Content starts

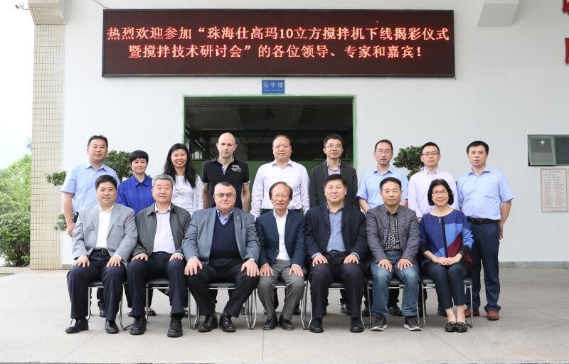 2018年4月18日,珠海仕高瑪公司10立方攪拌機(jī)下線揭彩儀式暨攪拌技術(shù)研討會(huì)在珠海仕高瑪公司舉行,中國(guó)工程機(jī)械協(xié)會(huì)混凝土機(jī)械分會(huì)符忠軒會(huì)長(zhǎng)、長(zhǎng)安大學(xué)馮忠緒教授、趙利軍博士、廣東長(zhǎng)大公路工程公司楊東來總工程師、河南萬里路橋李冠峰總工程師、許昌德通特種混凝土公司孟超總經(jīng)理等領(lǐng)導(dǎo)、專家和嘉賓應(yīng)邀出席儀式和研討會(huì),珠海仕高瑪公司股東黃志輝先生、意大利SICOMA公司董事長(zhǎng)Mr. Galletti、總工程師Marco、珠海仕高瑪公司總經(jīng)理郗俊峰先生、財(cái)務(wù)總監(jiān)唐志敏女士及公司技術(shù)研發(fā)團(tuán)隊(duì)、生產(chǎn)團(tuán)隊(duì)、銷售團(tuán)隊(duì)、售后團(tuán)隊(duì)參加本次活動(dòng)。
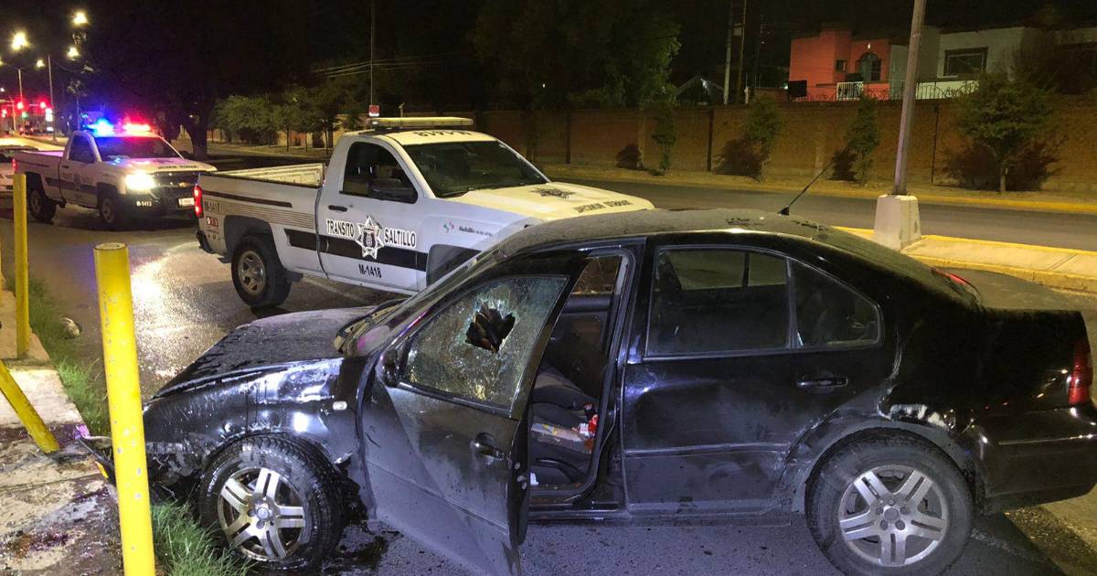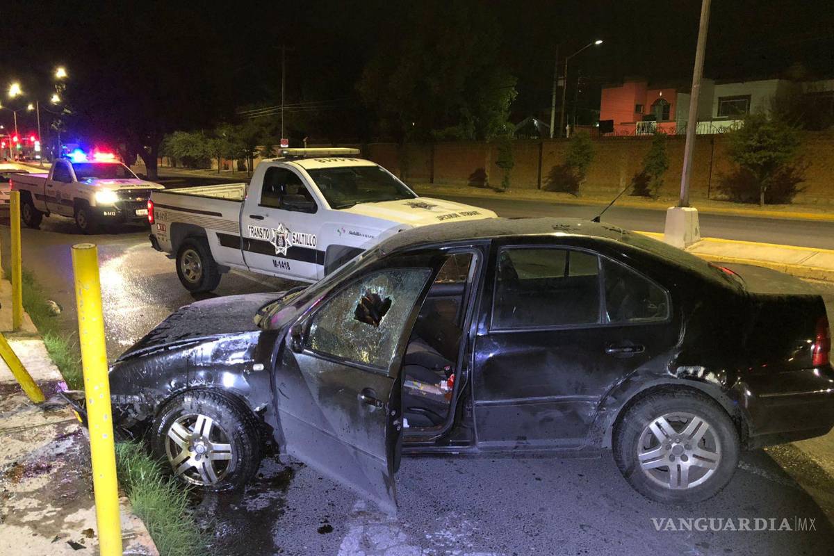 El conductor de un vehículo Volkswagen resultó con su unidad en pérdida total después de que volcara tras usar el inicio de un camellón central como rampa, al norte de Saltillo.
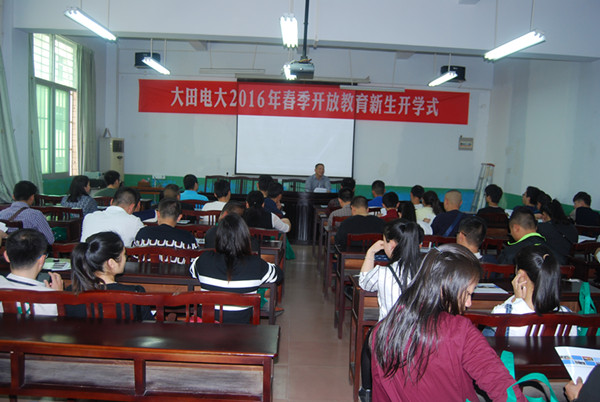 4月9日上午,大田电大举行2016年春季开放教育新生开学式。新生各专业班主任及100余名本、专科新学员参加了开学式。
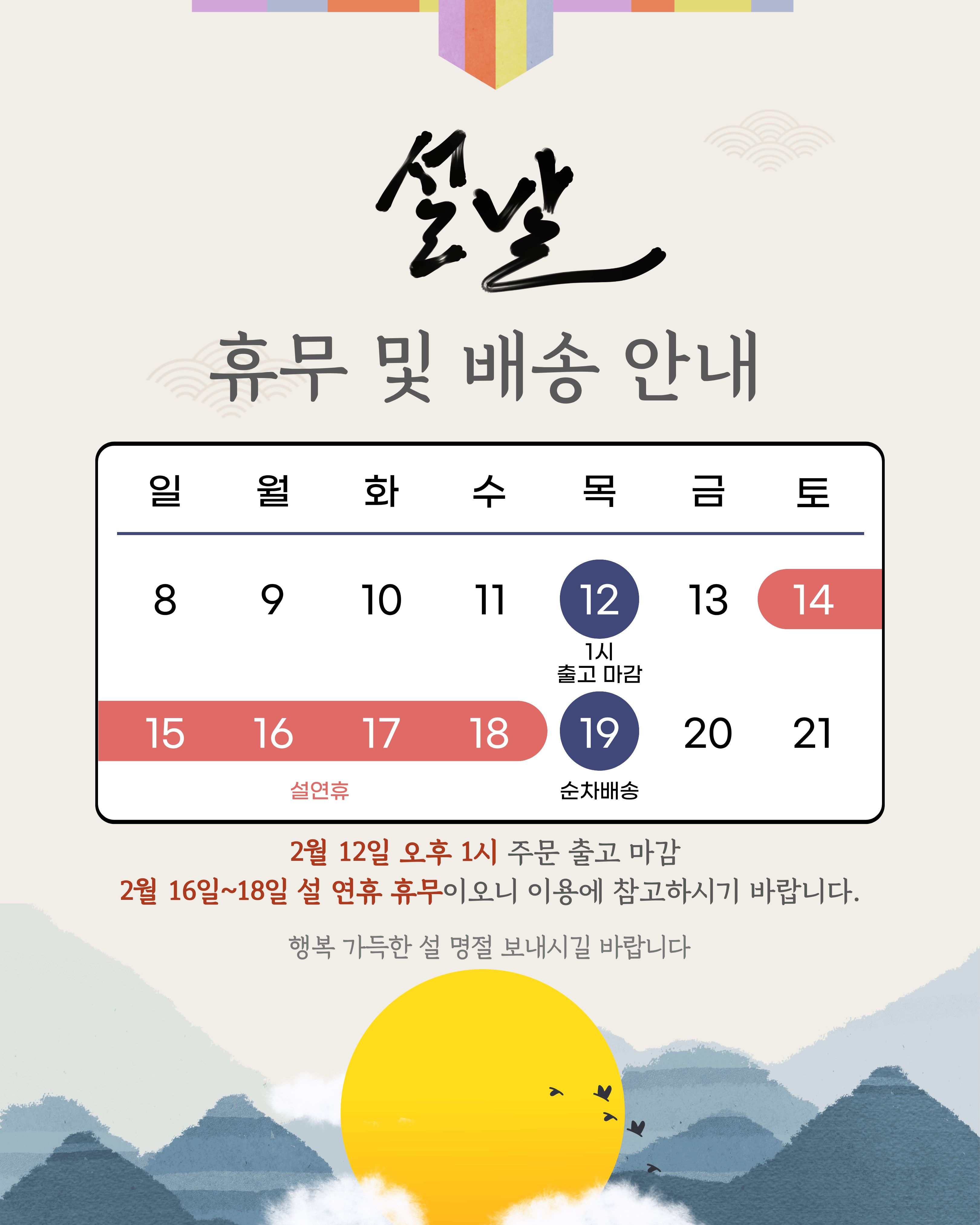 2026 설 연휴 배송 및 기관 휴무 안내 |
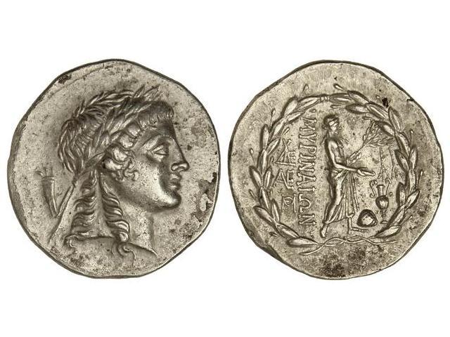 Tetradracma. Siglo II a.C. MYRINA. Anv.: Cabeza laureada de Apolo a derecha. Rev.: Apolo a derecha con pátera y rama de laurel, a sus pies ónfalos y ánfora dentro de láurea. 16,70 grs. AR. Se-4216. EBC-.
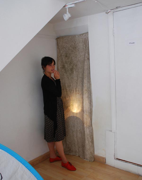 Welcome Mr. K (2007), documentation of installation, water, earth, canvas, CD player, metal bowl.
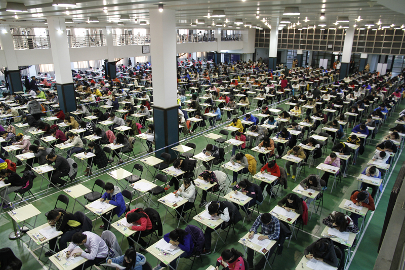 为进一步加强考试管理,促使学生更加重视考试,进而大力促进考风建设,培养优良教风、学风和校风,学校决定对一、二年级期中考试的部分课程试行全校集中式考试。集中考试考场设在良乡校区文体馆一层和三层,总共可以容纳一千多人同时进行考试。

Content ends

The answer is the full listing above, reproduced character for character, minus its images.

Written response
 2018年4月18日,珠海仕高瑪公司10立方攪拌機(jī)下線揭彩儀式暨攪拌技術(shù)研討會(huì)在珠海仕高瑪公司舉行,中國(guó)工程機(jī)械協(xié)會(huì)混凝土機(jī)械分會(huì)符忠軒會(huì)長(zhǎng)、長(zhǎng)安大學(xué)馮忠緒教授、趙利軍博士、廣東長(zhǎng)大公路工程公司楊東來總工程師、河南萬里路橋李冠峰總工程師、許昌德通特種混凝土公司孟超總經(jīng)理等領(lǐng)導(dǎo)、專家和嘉賓應(yīng)邀出席儀式和研討會(huì),珠海仕高瑪公司股東黃志輝先生、意大利SICOMA公司董事長(zhǎng)Mr. Galletti、總工程師Marco、珠海仕高瑪公司總經(jīng)理郗俊峰先生、財(cái)務(wù)總監(jiān)唐志敏女士及公司技術(shù)研發(fā)團(tuán)隊(duì)、生產(chǎn)團(tuán)隊(duì)、銷售團(tuán)隊(duì)、售后團(tuán)隊(duì)參加本次活動(dòng)。
 El conductor de un vehículo Volkswagen resultó con su unidad en pérdida total después de que volcara tras usar el inicio de un camellón central como rampa, al norte de Saltillo.
 4月9日上午,大田电大举行2016年春季开放教育新生开学式。新生各专业班主任及100余名本、专科新学员参加了开学式。
 2026 설 연휴 배송 및 기관 휴무 안내 |
 Tetradracma. Siglo II a.C. MYRINA. Anv.: Cabeza laureada de Apolo a derecha. Rev.: Apolo a derecha con pátera y rama de laurel, a sus pies ónfalos y ánfora dentro de láurea. 16,70 grs. AR. Se-4216. EBC-.
 Welcome Mr. K (2007), documentation of installation, water, earth, canvas, CD player, metal bowl.
 为进一步加强考试管理,促使学生更加重视考试,进而大力促进考风建设,培养优良教风、学风和校风,学校决定对一、二年级期中考试的部分课程试行全校集中式考试。集中考试考场设在良乡校区文体馆一层和三层,总共可以容纳一千多人同时进行考试。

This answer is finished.